Саюри забрала пустые миски и передала девушке, которая следила за порядком в комнате Юджи. Старушка достала из маленького ящичка шкатулку с резьбой и листы рисовой бумаги. Некоторые из них были исписаны кривыми загогулинами. Она поставила все это на стол и вернулась, чтобы взять свитки с письменами. Дзёго принес их из хранилища храма. Немногие записи, что остались от прежних хозяев.


Юджи поморщился.


— Снова учиться?


— Ты же не хочешь быть неотесанным, как тот мальчик? — упрекнула Ураюме.


— Не хочу, — надулся ребенок и подошел к наставнице, чтобы она помола перевязать ему широкие рукава, — мне не нравится читать, я ничего не понимаю.


Саюри достала чернильный камень и принялась растирать его в металлической ступке, в которую налила воду из кувшина. Она тоже не понимала всего, что было написано монахами. Она когда-то была дочерью небогатого торговца, и обучение ее соответствовало статусу.

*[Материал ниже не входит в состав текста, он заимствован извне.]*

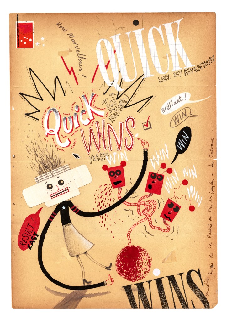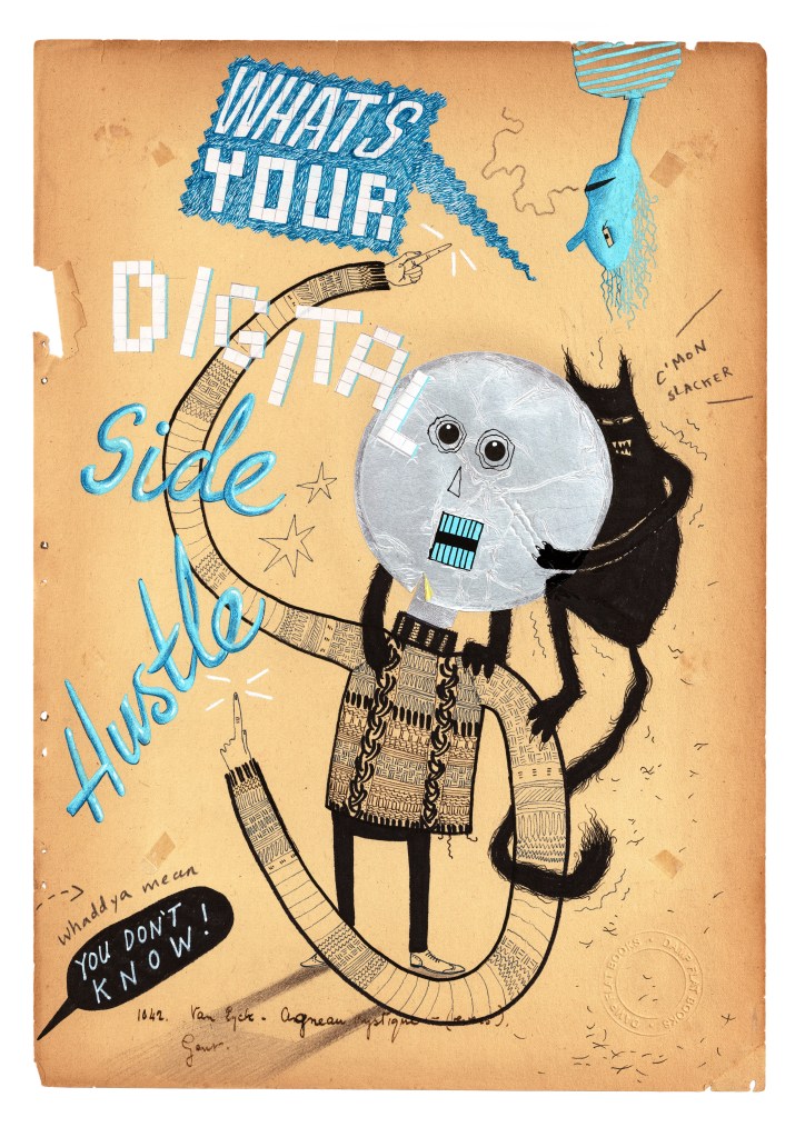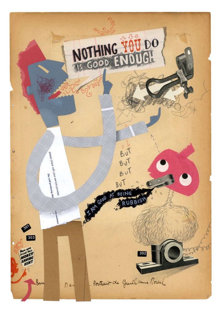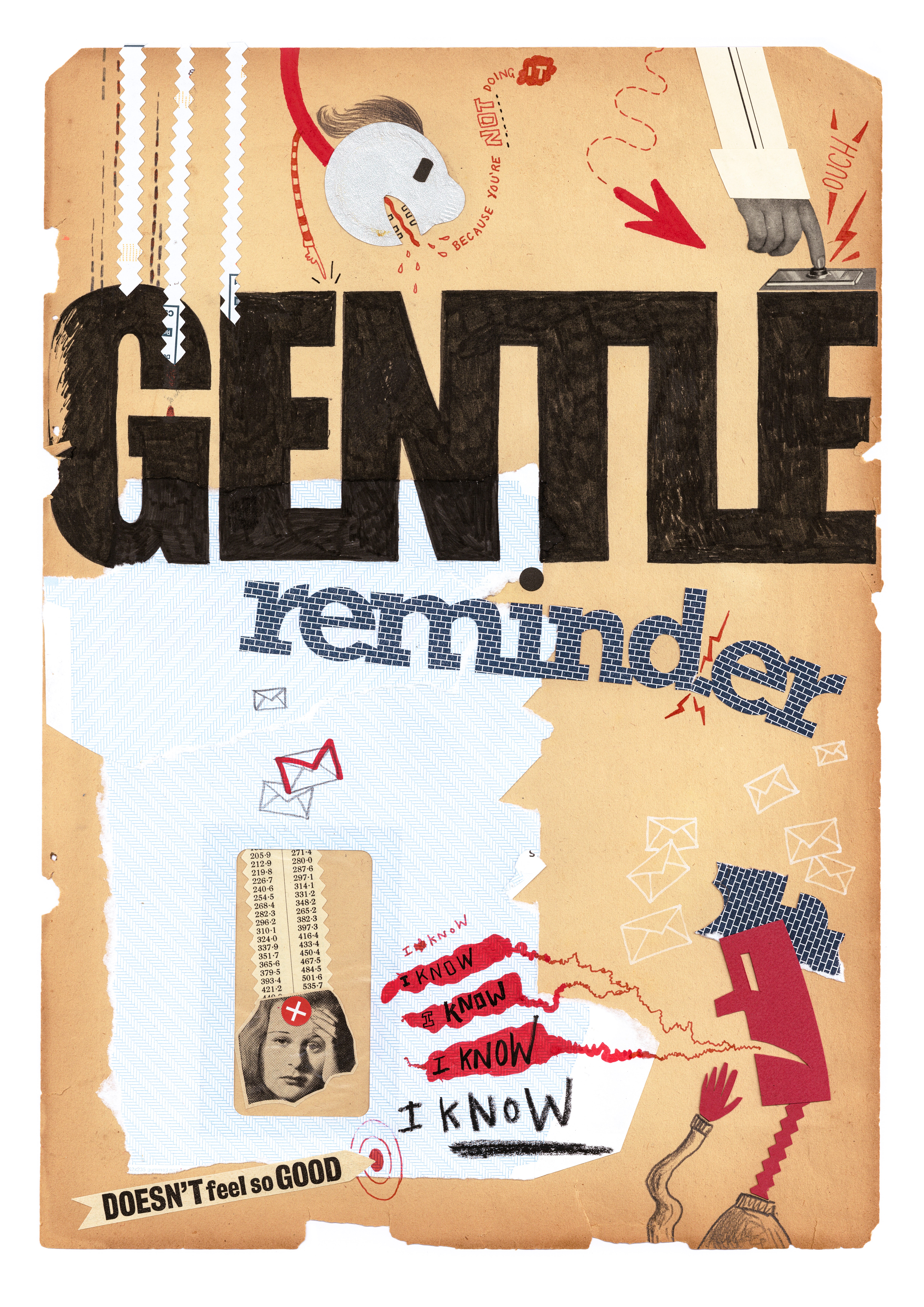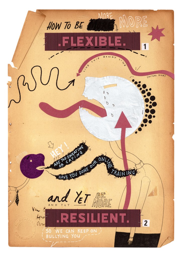 This series explores the impact of language on mental health. Created through a combination of collage and drawing techniques, they bring attention to the passive-aggressive phrases and words that are often used to bully and blame individuals. The works feature a clash of cartoon-like imagery and hand-drawn text, highlighting phrases such as “being resilient” and “gentle reminder” that can be used in a harmful manner. Similarly, as technology rapidly evolves, so too does the absurdity of the language we use to describe it. This language is parodied to highlight how it can make us as humans feel anxious, out-of-date or redundant.

Ей приходилось многое спрашивать у девушек, чтобы потом объяснить мальчишке. Юджи принес ситадзики, положил на него чистый лист и взял кисть в правую руку.


— Научи писать неотесанный и ребенок.


Старушка взяла кисть и медленно вывела слово ребенок.


— Запомнил?


Юджи кивнул и повторил начертание. На его кисти было слишком много туши. Она капала на бумагу, оставляя черные разводы. Саюри только качала головой.


— Следует снимать излишки о краешек ступки, я ведь об этом уже говорила и не раз, — сетовала старушка.


Юджи только вздохнул на упрек, но не стал перечить. Он снова запустил кисть в тушь и аккуратно провел ворсом по краю. В этот раз не осталось разводов, когда кисть скользнула по бумаге, выводя иероглиф. Линии ровно ложились и не растекались пятнами.


Саюри диктовала ему слова, чтобы мальчик учился не только копировать тексты со свитков. Он ошибался еще во многом, забывал правильные начертания, но под мягким взглядом и ободряющими похлопываниями по спине от старушки усерднее старался сделать все верно.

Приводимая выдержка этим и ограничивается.